DIRECTIONS FOR THIS TASK: Please, without any pictures, set down exactly the part of the listing below that opens with the line containing "Waterford Crystal George" and closes with the line containing "PINLI品立2025秋季新".

DATA FOR ANALYSIS:
==========
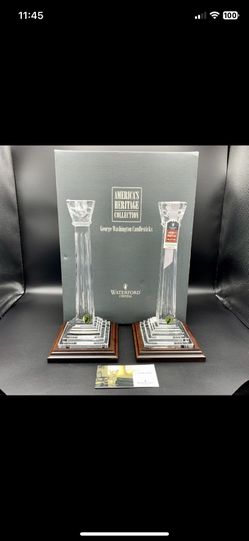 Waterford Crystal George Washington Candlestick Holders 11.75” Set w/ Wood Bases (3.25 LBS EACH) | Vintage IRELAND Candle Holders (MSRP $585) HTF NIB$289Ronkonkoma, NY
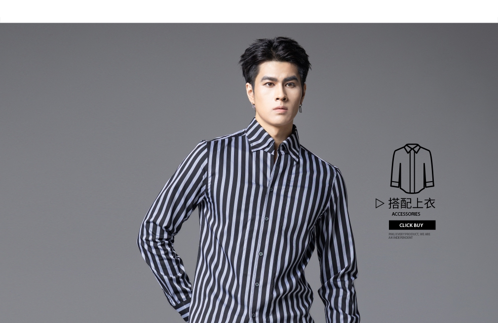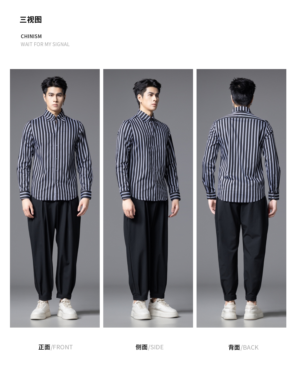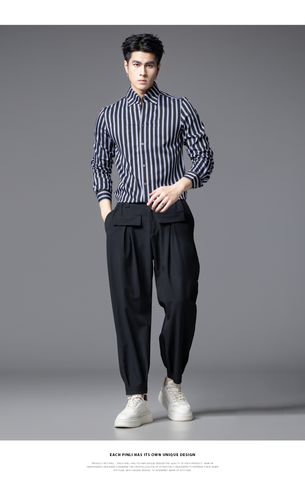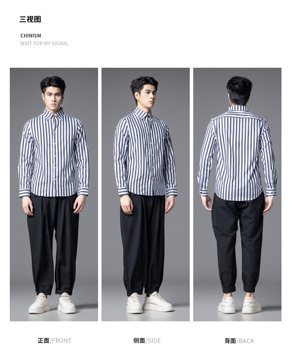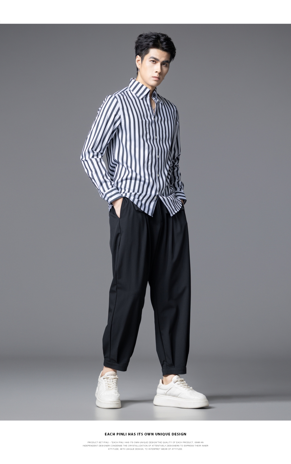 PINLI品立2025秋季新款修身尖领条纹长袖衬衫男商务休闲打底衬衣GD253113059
==========
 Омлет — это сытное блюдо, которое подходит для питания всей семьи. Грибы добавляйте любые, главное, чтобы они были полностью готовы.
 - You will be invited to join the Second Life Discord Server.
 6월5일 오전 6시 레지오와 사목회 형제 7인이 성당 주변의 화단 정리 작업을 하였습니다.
==========
EXPECTED ANSWER:
 Waterford Crystal George Washington Candlestick Holders 11.75” Set w/ Wood Bases (3.25 LBS EACH) | Vintage IRELAND Candle Holders (MSRP $585) HTF NIB$289Ronkonkoma, NY
 PINLI品立2025秋季新款修身尖领条纹长袖衬衫男商务休闲打底衬衣GD253113059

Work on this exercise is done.